In July 2001, he assumed a position as assistant chief of branch with the Joint Support Service Staff (Central Affairs branch) and liaison officer for the Chief of Staff of the German Joint Support Service in Berlin. In March 2003, he was assigned to the Bundeswehr Command and Staff College as a lecturer with the Department of Navy Doctrine where his responsibilities included the conceptual design and further development of curricular contents taught to the Bundeswehr maritime forces. During this tour, he was promoted to the rank of Kapitän zur See in September 2003. In November 2005, Krause-Traudes was assigned to the newly established Response Forces Operations Command in Ulm, Germany. In his function as assistant chief of staff of the Training and Exercise division, he served under the command of Lieutenant General Jan Oerding until May 2008. As part of this assignment, he was in charge of designing and conducting "European Endeavour" (EE) – a series of joint military exercises with German and multinational participants.

Krause-Traudes then returned to the Federal Ministry of Defence in Bonn for another tour of duty from 2008 to 2012 to become chief of branch for Concepts and International Cooperation with the Naval Staff, followed by a position as chief of branch for Future Development, Maritime and Joint Support with the Ministry’s Directorate-General for Planning until 2012.
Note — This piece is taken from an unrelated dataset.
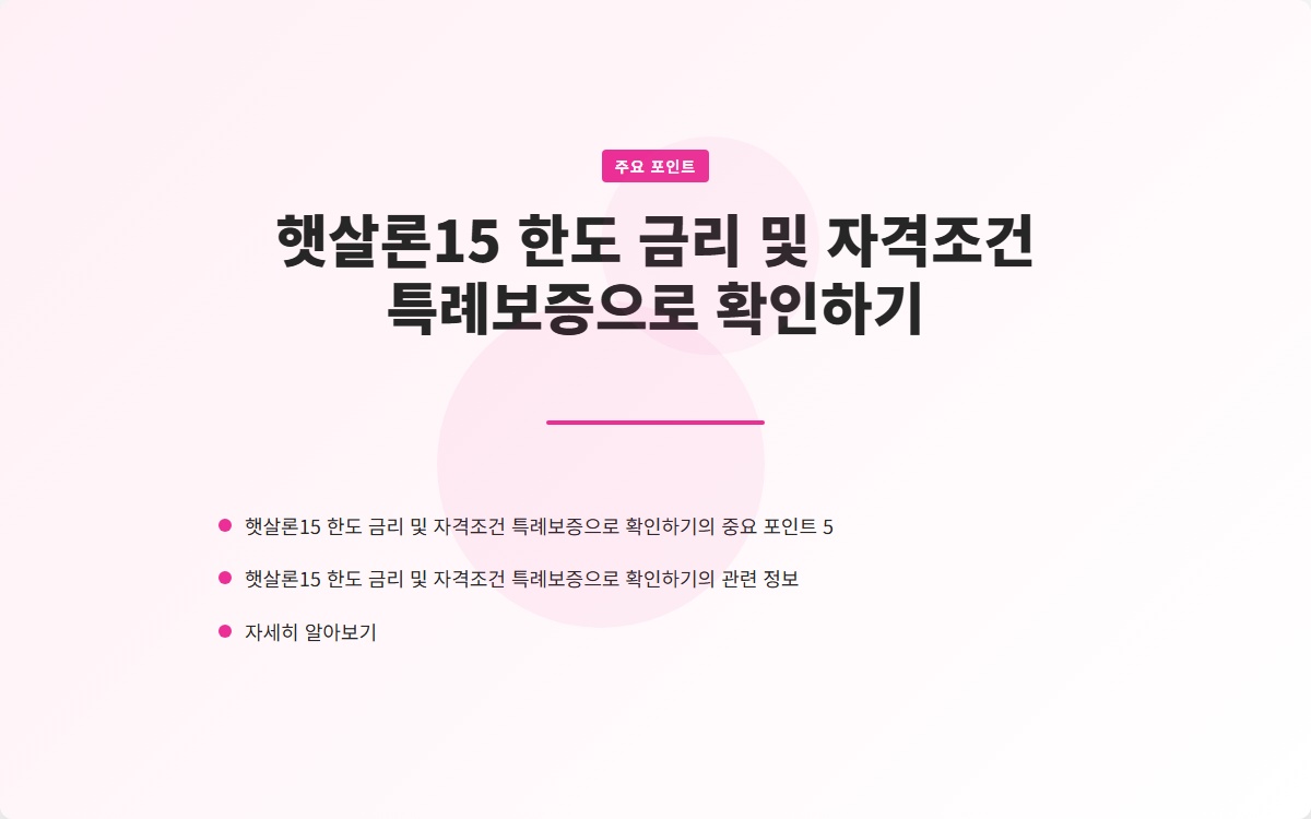 결론적으로, 햇살론15는 저소득층과 신용 불량자에게 실질적인 금융 지원을 제공하는 중요한 대출 프로그램입니다. 대출 한도와 금리, 그리고 자격 조건을 잘 이해하고 준비하여 재정적 안정성을 확보하는 것이 무엇보다 중요합니다. 특히, 특례보증의 이점을 최대한 활용하여 필요한 금액을 지원받는 것이 좋습니다. 지금 바로 자신의 조건을 점검하고, 서류를 준비해보세요.

===Flag officer assignments===
At the end of April 2012, Krause-Traudes reported as Deputy Chief of Staff Operations to the Response Forces Operations Command in Ulm, Germany. He was promoted to Flottillenadmiral effective as of 1 May 2012. From July to December 2012, Krause-Traudes was the designated Force Commander of the EU Battlegroup. From summer 2013 until Oktober 2016 he took office as Deputy Chief of Staff Support to the Response Forces Operations Command.
Upon returning to the Navy in July 2017, he worked for the Director Operations of the Maritime Command in Rostock until December 2019. He retired with the beginning of the year 2020.

===Honours and awards===
- Bundeswehr Cross of Honour in Gold
- NATO Medal for Contribution in Monitoring the Embargo against Former Yugoslavia
- German Armed Forces Badge for Military Proficiency in Gold
- United Nations Medal for Contribution to the United Nations Special Commission (UNSCOM)

==Personal life==
Krause-Traudes is married and has four grown children.